◆ **EXERCISE REQUIREMENTS**:
Except for the pictures, output the records in full and exactly.

[Excerpts from a dataset]
______________________________
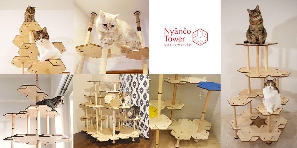 私たちは「猫さんにも飼い主さんにも、環境にもよい」、このことにこだわって製品を作り続けてきました。代表的な商品は、特許取得の六角形のヘキサパネルを組み合わせてつくるにゃんこタワーです。
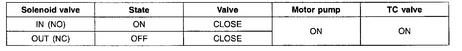 ^ Outlet valve is open to release the brake pressure and inlet valve is closed to block the pressure increase from the motor pump.
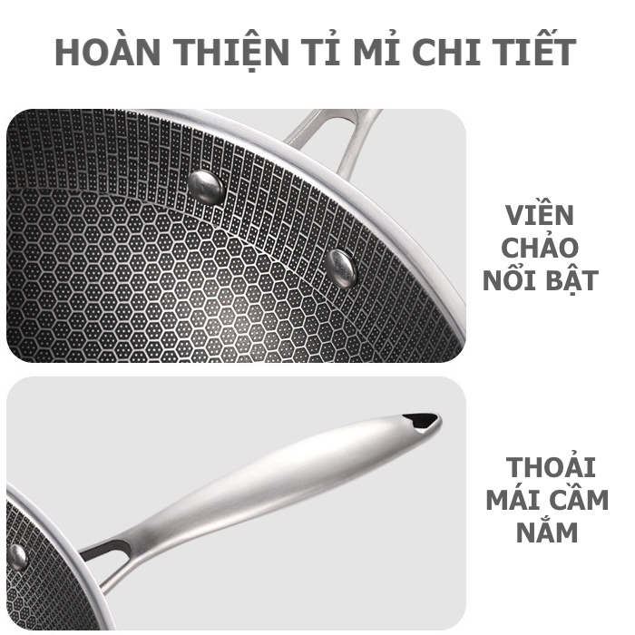 - Tay cầm bằng inox đúc rỗng, kỹ thuật đặc biệt ghép nối với thành chảo nên không nóng, nhẵn và sáng bóng nên dễ dàng rửa sạch và luôn đẹp, sang trọng.
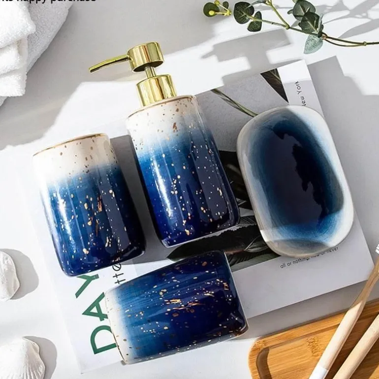 Elevate the aesthetic of your bathroom with the Deep Blue Bathroom Accessories set, a blend of style and functionality that enhances your home décor. This sophisticated 4-piece collection features a sleek teardrop design crafted from durable ceramic, making it the perfect choice for any bathroom, whether in your home, a hotel, or a guest house.
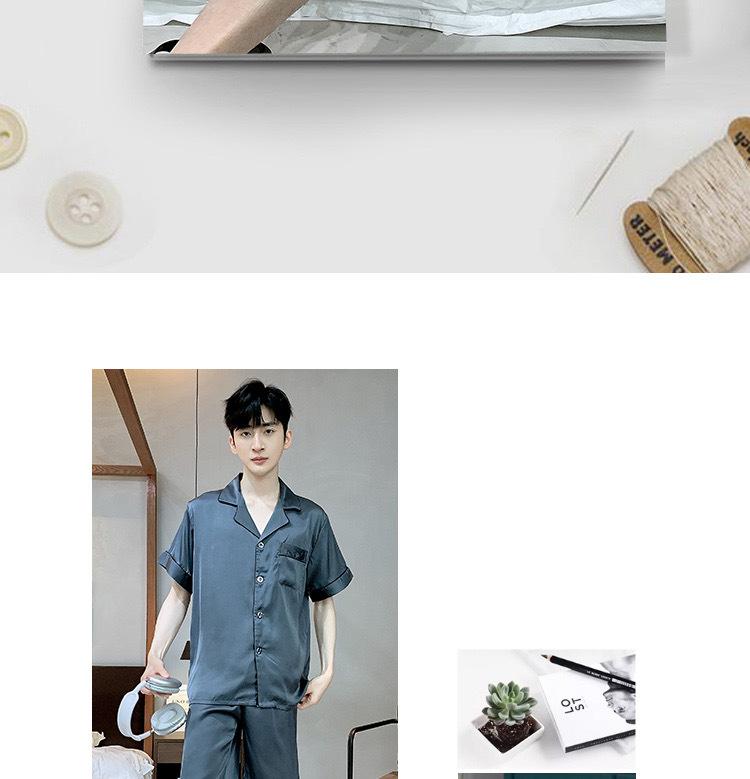 Pijama de Verano para Hombre Seda de Imitación Traje de Verano de Manga Corta para Hombre Fino Primavera y Otoño Ropa de Casa de Seda 2025
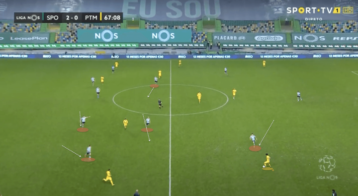 Similarly, any of the wide forwards can drop in to pick up the pivot, and allow Sporting’s own central-midfielders to remain in position.
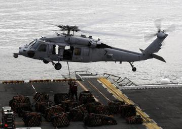 | Keywords: US Navy 110315-N-3729D-119 Sailors aboard the amphibious assault ship USS Peleliu (LHA 5) hook a cargo net of ammunition to an MH-60S Sea Hawk heli.jpg en PACIFIC OCEAN March 15 2011 Sailors aboard the amphibious assault ship USS Peleliu LHA 5 hook a cargo net of ammunition to an MH-60S Sea Hawk helicopter off the coast of Southern California Peleliu is underway conducting an ammunition offload and transfer with the amphibious assault ship USS Makin Island LHD 8 U S Navy photo by Mass Communication Specialist 2nd Class Andrew Dunlap/Released 2011-03-15 110315-N-3729D-119 Navy http //www navy mil/view_image asp id 98751 U S Navy photo by Mass Communication Specialist 2nd Class Andrew Dunlap PD-USGov-Military-Navy Aboard USS Peleliu LHA-5 Underway replenishment MH-60S Seahawk |
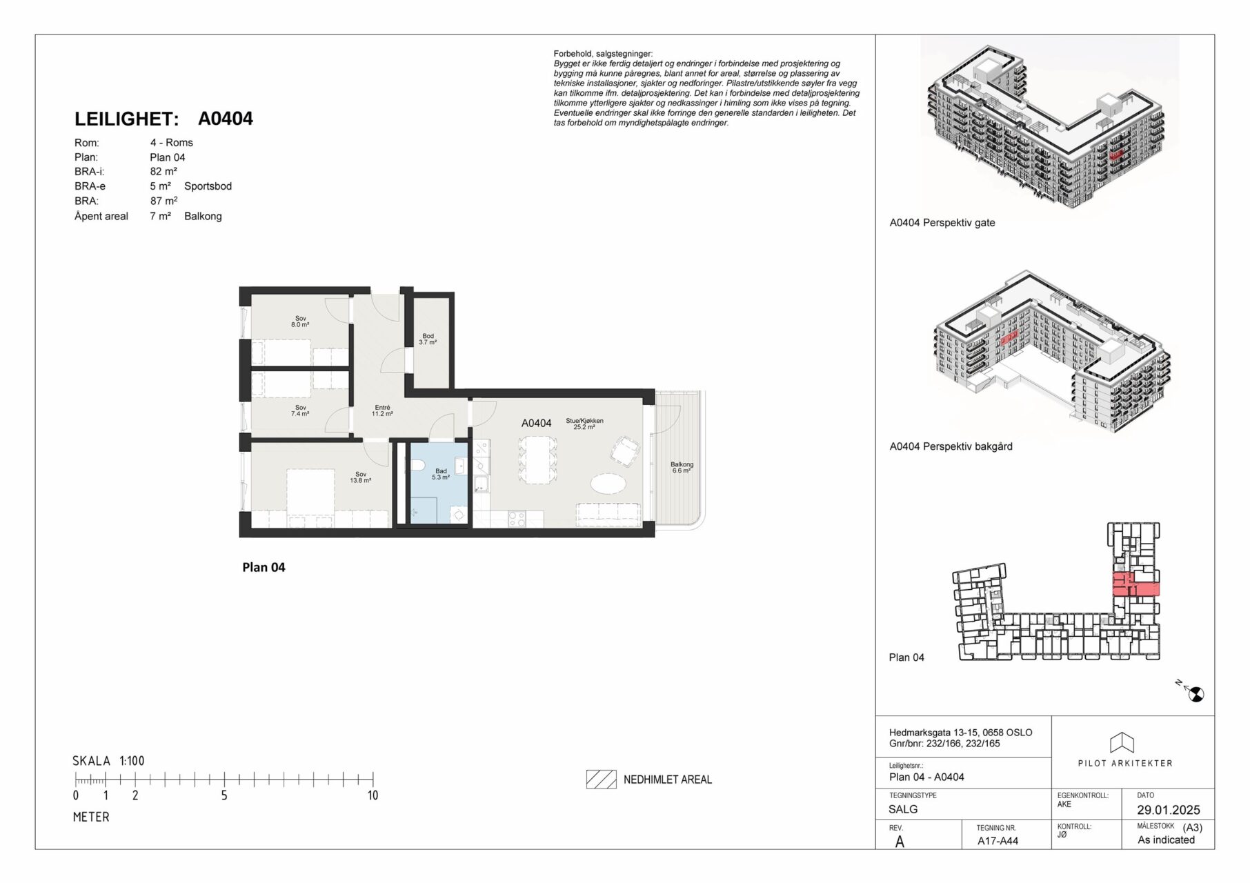 De oppgitte arealer er å betrakte som cirka-arealer. Arealer er beregnet og avrundet etter NS3940:2023, og alle arealer følger normal avrundingsregel og avrundes til nærmeste hele kvm. Som følge av avrundingsregelen vil leiligheter under 50 kvm Bra-i med bruksrett til sportsbod på 2,5 kvm ha oppgitt BRA-e (sportsbod) på 3 kvm på kontraktstegning. Det gjøres oppmerksom på at sportsboden som leveres er på 2,5 kvm for disse leilighetene. Leiligheter over 50 kvm leveres med sportsbod på 5 kvm som oppgitt på kontraktstegning.
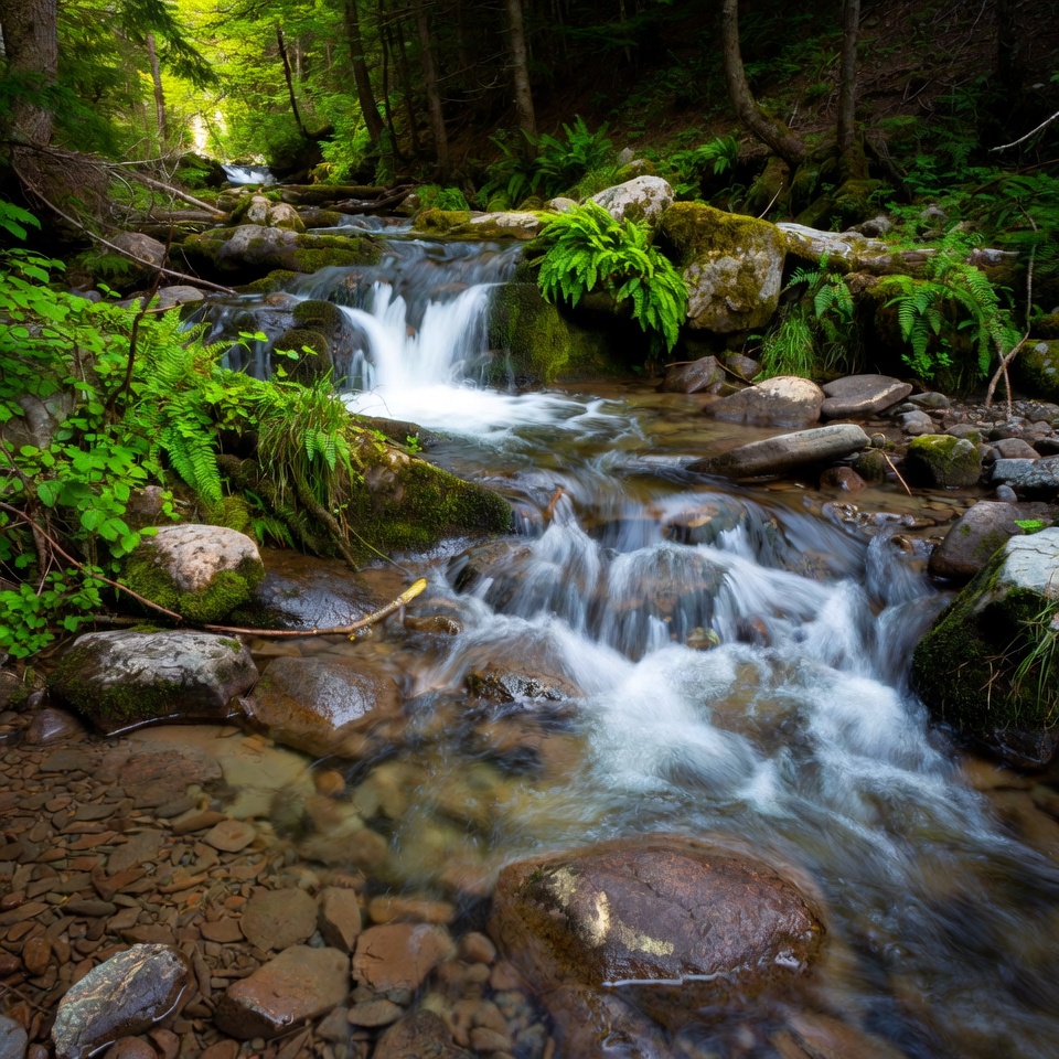 Forest Stream with Cascading Waterfall
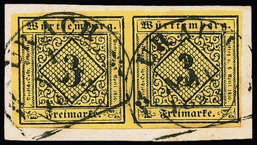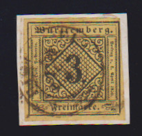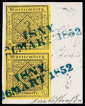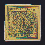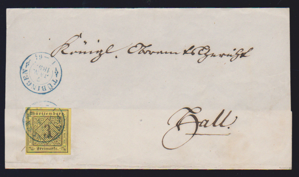 3 Kr. schw./dunkelgelb, seltene Type IVb, Kabinettstück mit blauem K2 "Tübingen" auf rs. unkpl. Brief, sign. Thoma
______________________________
◆ **WRITTEN RESPONSE**:
 私たちは「猫さんにも飼い主さんにも、環境にもよい」、このことにこだわって製品を作り続けてきました。代表的な商品は、特許取得の六角形のヘキサパネルを組み合わせてつくるにゃんこタワーです。
 ^ Outlet valve is open to release the brake pressure and inlet valve is closed to block the pressure increase from the motor pump.
 - Tay cầm bằng inox đúc rỗng, kỹ thuật đặc biệt ghép nối với thành chảo nên không nóng, nhẵn và sáng bóng nên dễ dàng rửa sạch và luôn đẹp, sang trọng.
 Elevate the aesthetic of your bathroom with the Deep Blue Bathroom Accessories set, a blend of style and functionality that enhances your home décor. This sophisticated 4-piece collection features a sleek teardrop design crafted from durable ceramic, making it the perfect choice for any bathroom, whether in your home, a hotel, or a guest house.
 Pijama de Verano para Hombre Seda de Imitación Traje de Verano de Manga Corta para Hombre Fino Primavera y Otoño Ropa de Casa de Seda 2025
 Similarly, any of the wide forwards can drop in to pick up the pivot, and allow Sporting’s own central-midfielders to remain in position.
 | Keywords: US Navy 110315-N-3729D-119 Sailors aboard the amphibious assault ship USS Peleliu (LHA 5) hook a cargo net of ammunition to an MH-60S Sea Hawk heli.jpg en PACIFIC OCEAN March 15 2011 Sailors aboard the amphibious assault ship USS Peleliu LHA 5 hook a cargo net of ammunition to an MH-60S Sea Hawk helicopter off the coast of Southern California Peleliu is underway conducting an ammunition offload and transfer with the amphibious assault ship USS Makin Island LHD 8 U S Navy photo by Mass Communication Specialist 2nd Class Andrew Dunlap/Released 2011-03-15 110315-N-3729D-119 Navy http //www navy mil/view_image asp id 98751 U S Navy photo by Mass Communication Specialist 2nd Class Andrew Dunlap PD-USGov-Military-Navy Aboard USS Peleliu LHA-5 Underway replenishment MH-60S Seahawk |
 De oppgitte arealer er å betrakte som cirka-arealer. Arealer er beregnet og avrundet etter NS3940:2023, og alle arealer følger normal avrundingsregel og avrundes til nærmeste hele kvm. Som følge av avrundingsregelen vil leiligheter under 50 kvm Bra-i med bruksrett til sportsbod på 2,5 kvm ha oppgitt BRA-e (sportsbod) på 3 kvm på kontraktstegning. Det gjøres oppmerksom på at sportsboden som leveres er på 2,5 kvm for disse leilighetene. Leiligheter over 50 kvm leveres med sportsbod på 5 kvm som oppgitt på kontraktstegning.
 Forest Stream with Cascading Waterfall
 3 Kr. schw./dunkelgelb, seltene Type IVb, Kabinettstück mit blauem K2 "Tübingen" auf rs. unkpl. Brief, sign. Thoma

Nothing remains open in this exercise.